It’s hard when the patient’s history of mental illness gets put up front during sign-out from the ED or on your chart review. Our biases often kick in whether we intend to or not. Often the patients ability to give a good history and report symptoms accurately gets called into question and their voice gets tuned out in the shadow of their mental illness. Patients with mental health issues can just as easily develop physical illness. Which often in turn leads to exacerbation or decompensation of their underlying psychiatric diagnosis. Too often we dismiss out of hand their complaints or the “pan positive review of systems”. It is hard when someone’s psychosis or mania or anxiety is raging to discern what is the truth. But be disciplined and approach all patients with same level of concern. Don’t stop listening and tune the patient out. That abdominal pain, even though it is the 5th time they have been to the ED, can still be an appendicitis.
4. Don’t fear the family.
I remember dreading walking into rooms with family members. They were more able in body and mind to ask questions and were not so easily dissuaded by my quick in and out of the rooms trying to get thru my morning pre-rounds. I feared them. Not just because of the time they took that I did not have, but also, I felt they would expose me for what I was. An imposter. Unable to answer their questions, I feared more what they made me think and feel about myself.

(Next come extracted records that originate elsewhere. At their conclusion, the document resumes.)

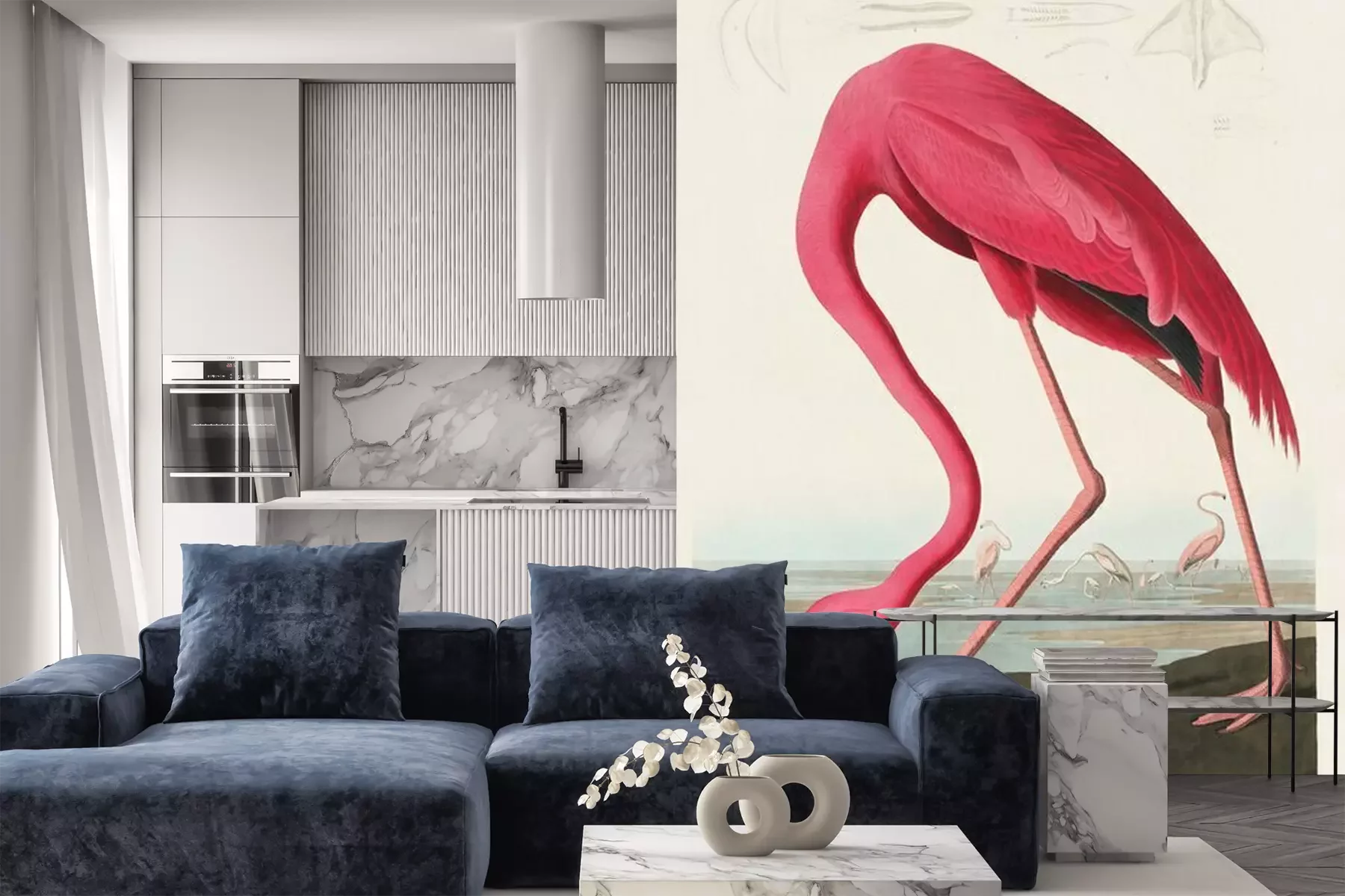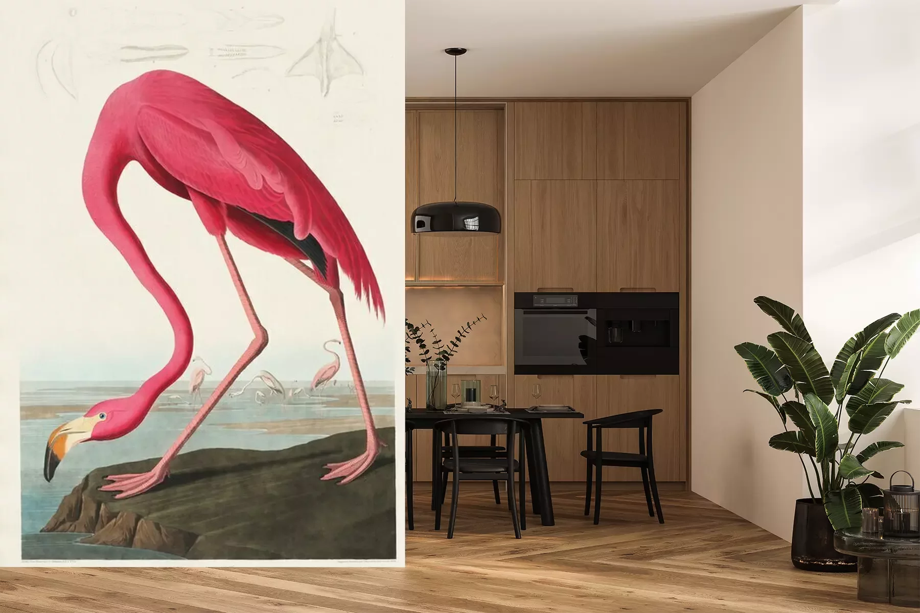 Sticker Pink Flamingo from Birds of America (1827) by John James Audubon (1785 - 1851 ), etched by Robert Havell (1793 - 1878)
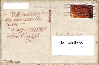 How to finish it up? Simply fuse it to a stiffener like Peltex, TimTex or even the $.49 a meter drapery buckram from Fabric Land, prepare a Post Card-like “back” complete with a line down the center, your return address, a “to” address space, a place for a stamp and the word “POSTCARD” clearly marked on it.
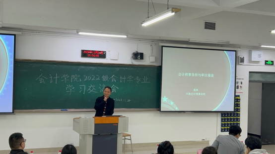 随后,秦林副总经理以自身的职业经历为背景,分享了他在审计行业近二十年的从业经验。秦总对毕业生进入会计师事务所要做的工作、会计师事务所的薪资待遇、从事注册会计师审计需要具备的特质等进行了逐一阐述。在提问环节,秦总还回答了同学们在课余实习、未来工作等方面的困惑。
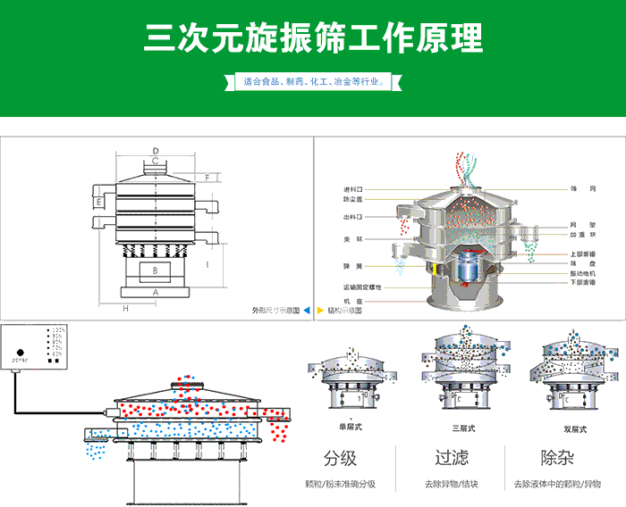三次元旋振篩,超聲波振動(dòng)篩,搖擺篩、 直線振動(dòng)篩、直排篩、高頻振動(dòng)
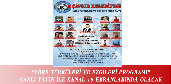 Burdur’un Çavdır ilçesinde bu hafta sonu Pazar günü “Yöre Türküleri ve Ezgileri Programı” düzenlenecek. Program Kanal 15 ekranlarından da canlı olarak ekranlara gelecek. Çavdır Belediyesi tarafından o...
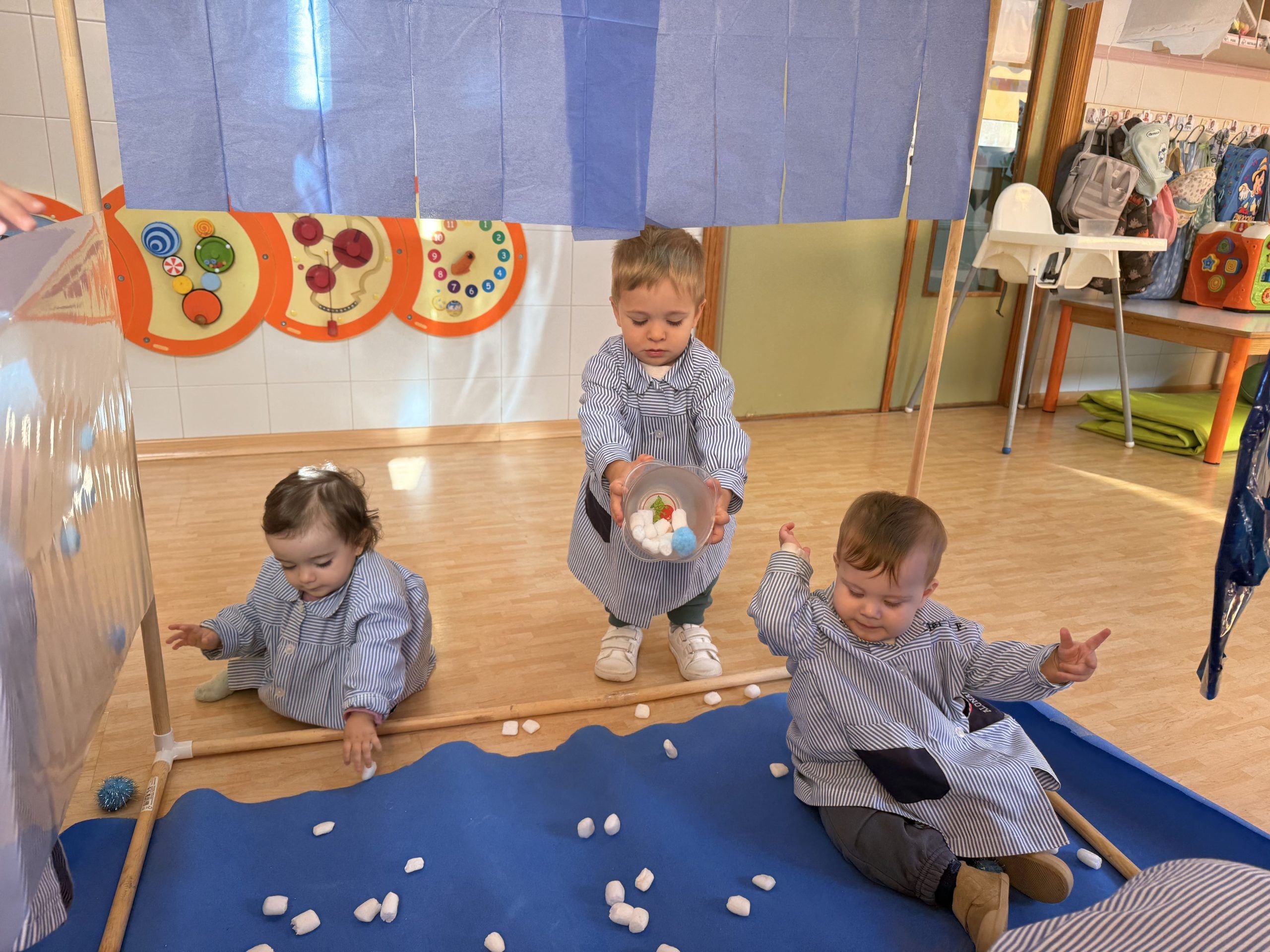 El viento ha soplado y el frío ha llegado al aula de primeros pasos en forma de “cubo de hielo” y “bandeja sensorial nevada” donde nuestros peques han podido vivir diferentes experiencias a través de las tareas propuestas.

They fear too. They worry about their loved ones. They are confused, out of place, disoriented and are trying to advocate in the best way they know how. Don’t fear them. Lean into them. Sit down. Answer questions even if it means saying you do not know. Start getting comfortable with diagnostic uncertainty and being able to talk about that with patients and families. Honesty combined with empathy goes a long way towards building trust and confidence.
5. Recognize wins.
I have written about this before in another post 10 Tips For New Interns For Surviving and Thriving in the Intensive Care Unit but I think its important enough to include here as well. Learn to retrain your brain. As physicians, we tend to focus and dwell on what went wrong. The challenging patients and families. Frustration over missing labs or delays in imaging. The complications of our interventions. The bad outcomes. The deaths. This is where our brains go when we are most tired and beaten down after an exhausting and non-stop twenty-four hours. But in doing so, we miss out on celebrating our wins. We successfully shepherd so many patients through the treacherous and complex world of medical illness. Treating a “routine” COPD exacerbation and managing them through their hospital stay to discharge without any drama or significant adverse event is no easy task. But we fail to value our role in this as a win. It is viewed as a baseline expectation. We need to learn that there is nothing given about a patient’s course. If we blame ourselves for the bad, then we must take credit for the good. We focus so much on what goes wrong or in our perceived failures to help or heal our patients we end up ignoring all the positive around us.
Best to all the new interns on the start of a new journey. Exciting times lie just ahead. If you enjoyed this post and want to hear more thoughts on medicine and work-life balance, please sign up to follow this blog!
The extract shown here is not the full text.